*YOUR INSTRUCTIONS:*
Return each line below exactly as it reads, and omit any image in it.

*SUPPLIED INFORMATION:*
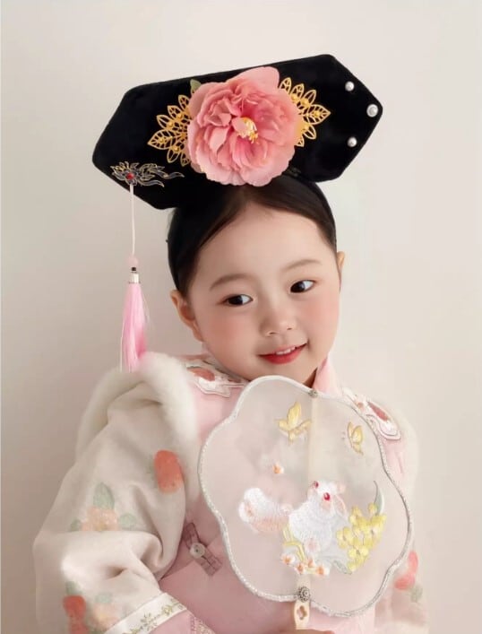 楽しい中国の王女/側室の頭飾りは、清の伝統的なデザインが特徴です。
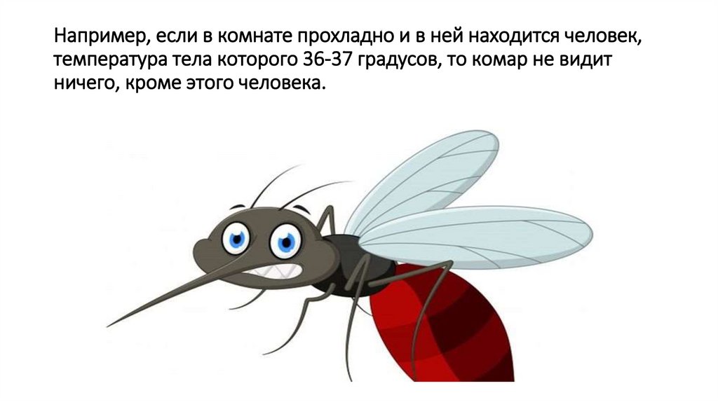 температуре.8. Например, если в комнате прохладно и в ней находится человек, температура тела которого 36-37 градусов, то комар не видит
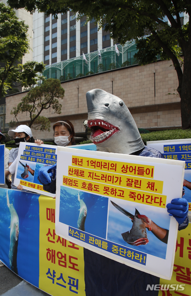 [서울=뉴시스]김형수 기자 = 한국동물보호연합,동물의목소리 회원들이 2일 오후 서울 중구 롯데호텔서울 앞에서 ‘샥스핀(Shark’s Fin) 판매 중단‘을 촉구하는 퍼포먼스를 하고 있다. 2021.06.02. [email protected]

*ANSWER TO THE EXERCISE:*
 楽しい中国の王女/側室の頭飾りは、清の伝統的なデザインが特徴です。
 температуре.8. Например, если в комнате прохладно и в ней находится человек, температура тела которого 36-37 градусов, то комар не видит
 [서울=뉴시스]김형수 기자 = 한국동물보호연합,동물의목소리 회원들이 2일 오후 서울 중구 롯데호텔서울 앞에서 ‘샥스핀(Shark’s Fin) 판매 중단‘을 촉구하는 퍼포먼스를 하고 있다. 2021.06.02. [email protected]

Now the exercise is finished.